Mensaje por Xabi » Jue May 03, 2012 01:20

Hola amig@s,

Esto más que un relato es una pequeña reflexión de mis sencillos paseos por el monte de los alrededores de mi casa:

Llevo por lo menos doce años recorriendo incansable los caminos y veredas que conforman los alrededores del pequeño pueblo en el que vivo. Desde entonces, y siendo yo ostensiblemente más joven, por tanto más ingenuo, no he conseguido cansarme de visitar el monte, de pisar su tierra, ya estuviera seca y polvorienta, ya estuviera húmeda y pegajosa. Seguramente no pueda recordar cada árbol, cada rama, cada brizna ni cada piedra, pero cierro los ojos y enseguida aparece ante mí la misma estampa: una amplia extensión de terreno semibaldío y mis queridos perros olfateando algún rastro de conejo o de perdiz. En el fondo son ellos los que más me han enseñado a disfrutar con lo que sin duda más aman, y que, lo queramos o no, nos acaba tirando, como a las cabras. Ha sido su felicidad por el simple motivo de sentir la tierra bajo sus patas, de pegar el hocico a la maleza y de averiguarlo todo con ese gran sentido que tienen por lo, para ellos odorífero, la que me ha hecho sentir la naturaleza de la misma manera. Cuando miro como el viento agita su pelaje, sus grandes y bellas orejas, y levantan el morro por un aire que les ha venido y que, tal vez, les indica que a un centenar de metros y en medio de una viña se esconde una gallinácea de vuelos defensivos y rasantes, puedo afirmar que, en ese momento y con esa contemplación, soy feliz. Me embarga una extraña alegría y un gozo que me acerca a los guijarros que crujen bajo mis botas; a ese cielo manchado de nubes que parecen tener prisa por llegar a algún lado, que siempre es el mismo; a esas montañas lejanas tan abruptas y rocosas; a esa higuera frondosa de la que cuelgan unos frutos más dulces que la miel; a ese raposillo al que, en duermevela, le ha parecido más sensato salir huyendo que quedarse agazapado y ser descubierto.

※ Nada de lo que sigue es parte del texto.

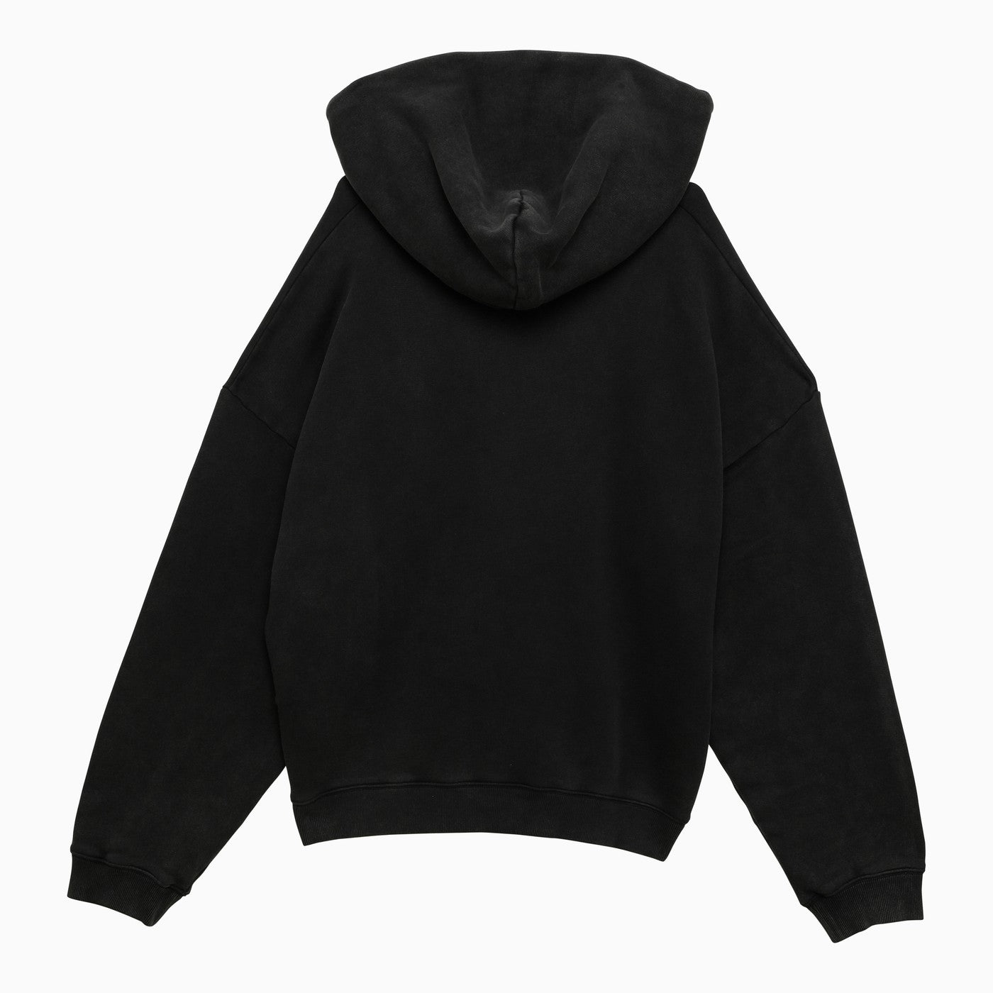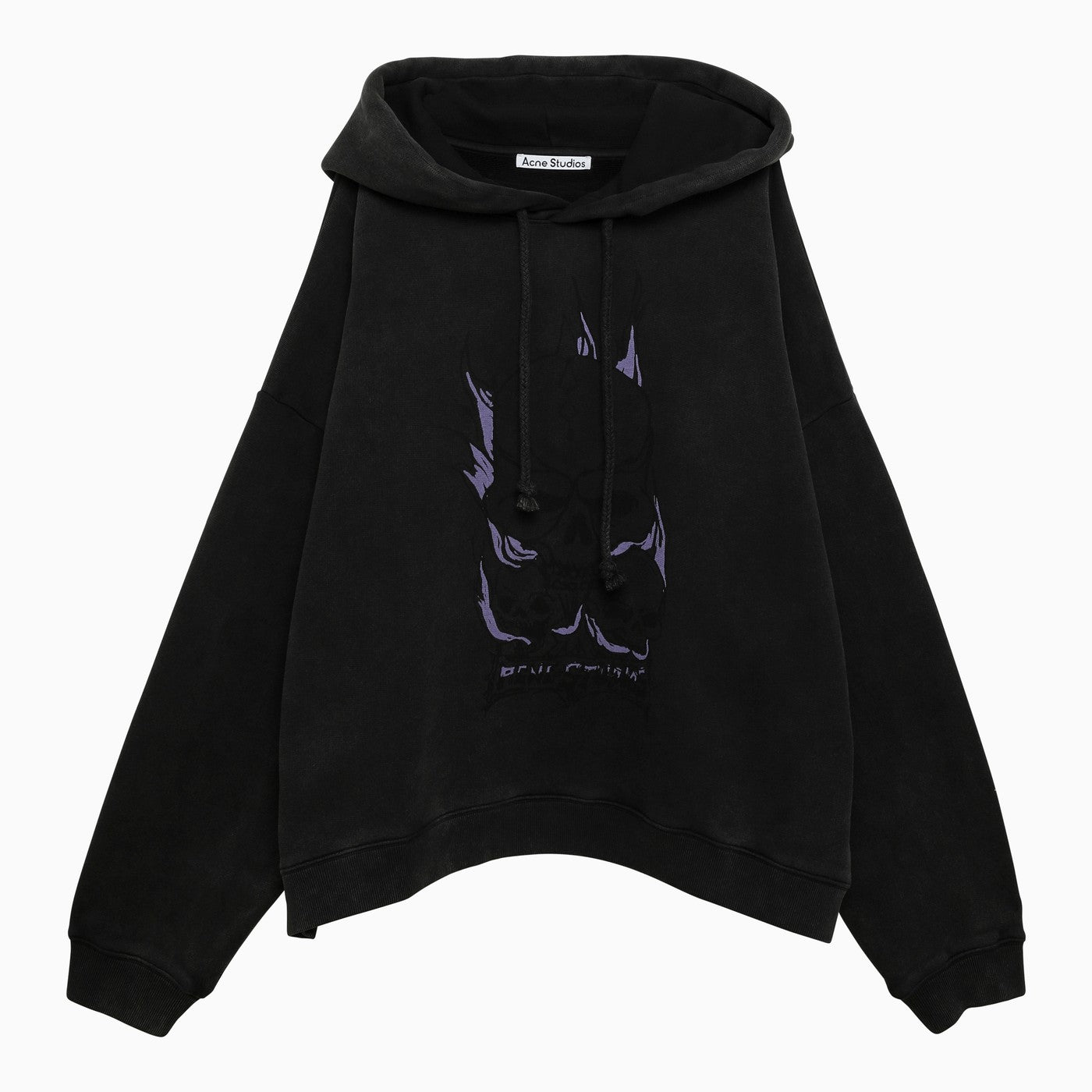 Felpa di cotone nera di Acne Studios con cappuccio, stampa anteriore, maniche lunghe e polsini e orlo.
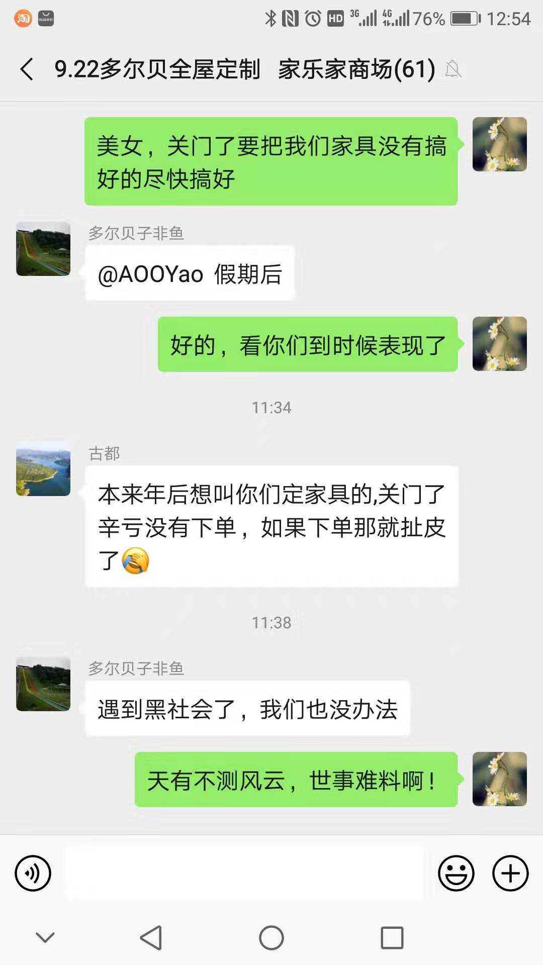 2019.10.3号签单交款23600元定制家具,讲好45个工作日完工,到45个工作日还搞的一塌糊涂,年前就向家乐家商场投诉,说年前完工没有完工,年后疫情没好意思去,3月去再次找到家乐家商场负责人在场多尔贝定制家具承诺4.15号完工,可是多尔贝4.12号就关门倒闭了,商场也不通知我,现在是次卧有一扇门返厂,冰箱柜玻璃门铰链反弹器都没有装,书柜二扇玻璃门没有装,四幅挂画没有到位,吧台柜尺寸不合适,量过尺寸工厂重新做,全部家具没有打胶,我现在要求把上面全部了尾。吧台柜总共7657元要求退款给我,我不相信多尔贝说话了,不讲诚信,一个屁三个谎,如果不能了尾不行把他们搞家具的全部拆走退我23600元,我有他们负责人冯君去年12.29号写的春节后二十个工作日搞不好就退款,下面是交款凭证和他们承诺书聊天记录,还有好多资料传不上去,如果需要联系我,谢谢!

Este lugar, que cada año pasa por las mismas etapas, íntimamente ligadas a cada estación del año, apenas cambia. Por él siguen circulando tractores en dirección a alguna finca que sembrar, que cosechar o que roturar. Sus conductores, afables desde las cabinas, siempre saludan al caminante, mientras dejan profundos surcos en ciertos tramos de los caminos, que después intentarán, con poca fortuna, allanar y adecentar con montones de cascajos. Año tras año los escasos árboles que dispersos intentan embellecer un poco el paisaje, parecen estancados en un momento concreto, en el que decidieron no crecer más, mientras esperan el día en que les toque su hora y que los encontrará, inmóviles y enhiestos, en el mismo sitio que los vio nacer. De igual forma algunas arboledas de pino silvestre desperdigadas, que apenas encierran algún pequeño misterio, dejan pasar el tiempo entre sus altas copas y su ramaje pelado que casi llega hasta el suelo. Algunos pequeños sotos de árboles foráneos dan testimonio de una antigua e infructuosa intención de repoblación que dejó como curiosidad precisamente su vegetación diminuta y mermada, por ser extraña e inadaptable. Y mirando hacia oriente está la zona donde se haya el pequeño regadío del coto, que recorre un riachuelo que en verano apenas lo remoja un hilillo de agua, que se escabulle a duras penas por su cauce, entre las rocas y que, exhausto, consigue solventar los suaves recodos del recorrido. Y de este ya de por sí exangüe arroyuelo, los pocos afortunados que poseen una huerta en las inmediaciones de alguna de sus tupidas riberas, terminan por exprimir los pocos vestigios de líquido elemento que debería albergar el desgastado afluente. Cierto es que, tal y como lo pinto, es apenas un páramo dedicado al cultivo de cereal y vid en masa. El conductor que pasa veloz y más atento al asfalto y las noticias radiofónicas que al campo que lo rodea, sin duda tendrá esta percepción, y no es para menos. Salir por la puerta de casa y poner los pies en los comienzos del trayecto, conduce a la soledad de estos parajes tan poco transitados que, sin embargo, esconden tanta vida.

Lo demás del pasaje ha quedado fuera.